On observe que certain·es enseignant·es “enrichissent” leurs ambiances Montessori d’autres matériels : des jeux, des puzzles…
La chercheuse Angeline Stoll Lillard s’est penchée sur ce sujet. Nous avions eu le plaisir de réaliser la traduction d’une interview réalisée en 2022 par Céline Guerreiro. Voici un extrait de la transcription en français :
« Une chose que j’ai remarquée, c’est que, parfois, vous avez ces salles de classe, tout simplement magnifiques où (…) j’ai observé ce véritable amour et cette préoccupation des enfants les un·es pour les autres. (…), un travail long et complexe en cours, des conversations impressionnantes dans lesquelles les enfants font preuve d’un raisonnement moral très élaboré.
Je me tenais là, à espionner toutes ces conversations.
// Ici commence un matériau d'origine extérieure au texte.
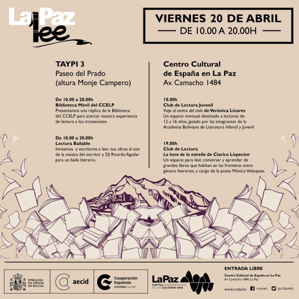Un año más el Centro Cultural de España en La Paz se suma a la movida 'La Paz Lee' organizada por la Secretaría Municipal de Cultural de la Alcaldía de La Paz.

Et l’enseignant·e pouvait être ailleurs en train d’observer ou faire autre chose. J’ai vu ces classes incroyablement belles, qui ressemblaient vraiment à ce que j’avais lu et à ce que décrivent les livres de Montessori que j’ai étudiés. (…)
Et il y avait les autres classes, où tout allait de travers, où les enfants ne semblaient pas travailler du tout. Elles étaient en désordre. Les enfants détournaient le matériel pour jouer. Le matériel était maltraité. On n’avait aucunement l’impression que les enfants apprenaient quoi que ce soit ni que leur développement suivait son cours. Les enfants semblaient parfois beaucoup s’amuser, mais l’impression générale qui s’en dégageait était vraiment différente. Et ça ne ressemblait pas à ce que Montessori décrit dans ses livres.
Je me suis donc demandé si les résultats de ces classes étaient différents. J’avais besoin d’un moyen objectif d’identifier ce qui était différent dans ces classes. Une différence est ressortie : il m’a semblé que les salles de classe qui fonctionnaient mieux n’étaient dotées que de matériel Montessori, ou pas grand-chose d’autre. J’ai donc utilisé cette différence comme mesure. Cela ne signifie pas que c’est tout ce qui importe dans une classe. Mais il s’agissait d’un critère facile à mettre en place. (…) On parle de « Montessori enrichi. »
L’étude évoquée par Angeline Stoll Lillard (Removing Supplementary Materials from Montessori Classrooms Changed Child Outcomes, Angeline S. Lillard and Megan J. Heise, University of Virginia, Mai 2016, Journal of Montessori Research) compare les progrès des enfants de classes où le matériel non issu du curriculum Montessori a été retiré à ceux des enfants de classes où il a été conservé.
Lorsqu’uniquement le matériel Montessori est disponible, il a été mesuré que les enfants ont davantage progressé – de manière significative – en lecture et au niveau des fonctions exécutives, et de manière plus mesurée en mathématiques.
Savoir respecter la profonde cohérence sans figer une pédagogie qui n’a pas vocation à l’être
Montessori n’a pas elle-même figé sa pédagogie. Elle l’exprime expressément. Son travail doit être affiné par la recherche scientifique constante.
On peut aussi considérer que certains aspects de la pédagogie Montessori ont été formalisés a posteriori. Ou que des pratiques plus récentes liées à la posture des adultes comme la communication non violente, l’expression du cadre clair, l’encouragement positif des comportements etc. sont en parfaite ligne avec l’esprit de la pédagogie Montessori.
Pour conclure, il est toujours enrichissant d’étudier plus qu’une pédagogie pour développer un esprit critique aiguisé et mieux comprendre la pédagogie que l’on pratique. Mais au vu de l’état de la recherche, il nous semble qu’il est important de ne pas se précipiter et “enrichir” la pédagogie de tel ou tel matériel, de telle ou telle pratique avant d’en avoir une compréhension profonde et une pratique suffisante au risque d’introduire des difficultés de mise en oeuvre dont on ne saurait plus identifier les sources réelles.
À bientôt
Jeanne, de l’équipe d’AIRAM Montessori.